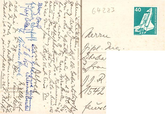 73902650 alte Postkarte Darmstadt Marktplatz mit Rathaus und Brunnen postalisch gelaufen Erhaltung siehe scans [FriedD77] KatCode: 11110006411000
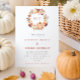 Um convite de casamento de outono bonito com uma coroa floral de aquarela com laranja terracota, roxo berinjela e flores de pêssego, decorado com uma abóbora. Personalize com seu monograma na coroa e os detalhes do seu casamento em terracota e cinza. O verso é em roxo berinjela sólido.
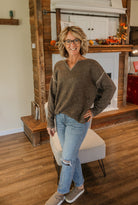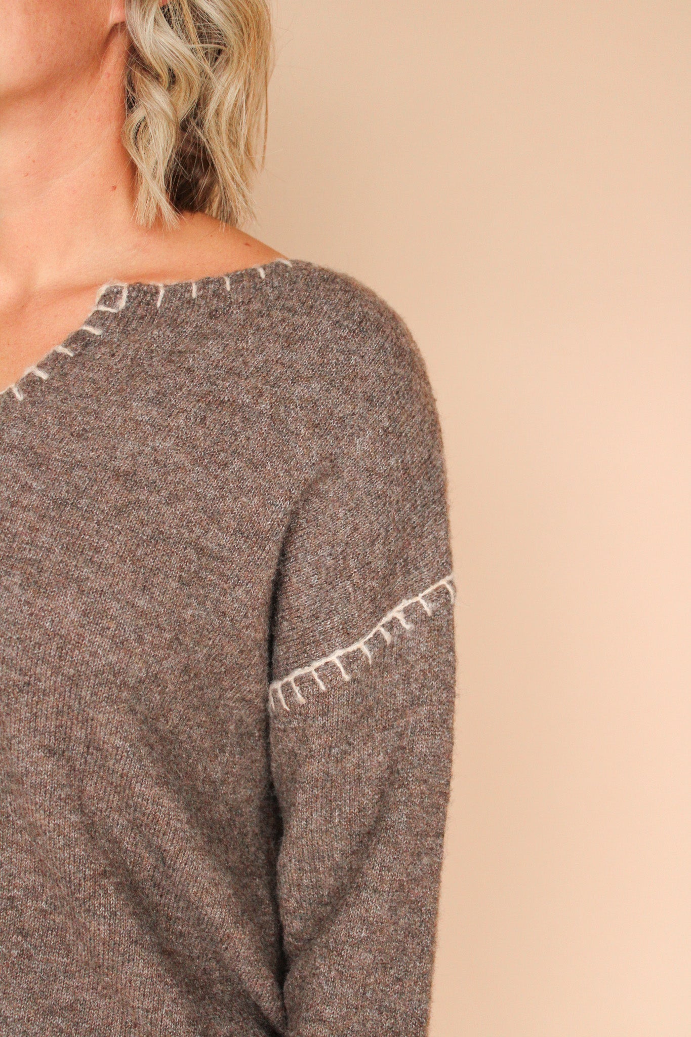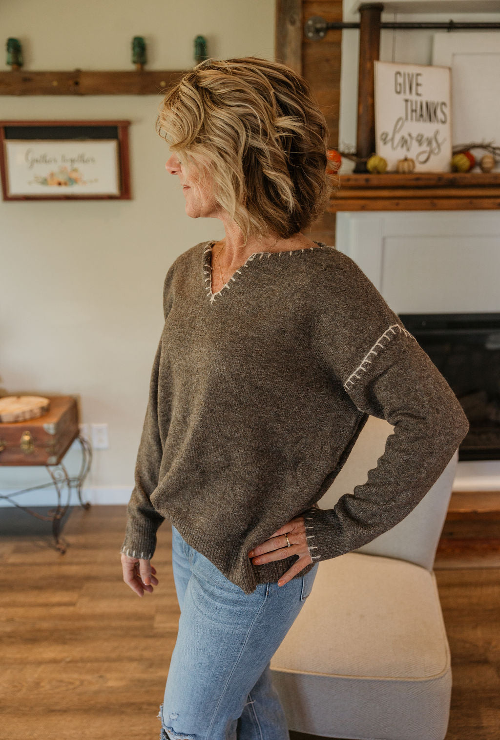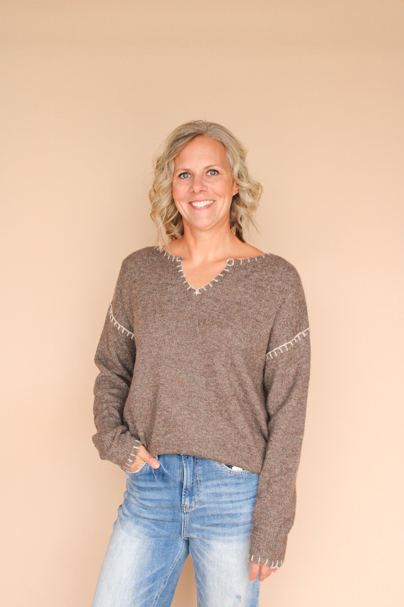 Stay cozy and chic in our Nanci Stitched V-Neck Sweater! With a unique blanket stitch detail and notched neck, this long sleeve pullover sweater will keep you warm and stylish. Perfect for any occasion, its versatility will have you reaching for it again and again.

## Required action
Write out the listing above exactly as it stands, pictures excluded.

## Completed task
 73902650 alte Postkarte Darmstadt Marktplatz mit Rathaus und Brunnen postalisch gelaufen Erhaltung siehe scans [FriedD77] KatCode: 11110006411000
 Um convite de casamento de outono bonito com uma coroa floral de aquarela com laranja terracota, roxo berinjela e flores de pêssego, decorado com uma abóbora. Personalize com seu monograma na coroa e os detalhes do seu casamento em terracota e cinza. O verso é em roxo berinjela sólido.
 Stay cozy and chic in our Nanci Stitched V-Neck Sweater! With a unique blanket stitch detail and notched neck, this long sleeve pullover sweater will keep you warm and stylish. Perfect for any occasion, its versatility will have you reaching for it again and again.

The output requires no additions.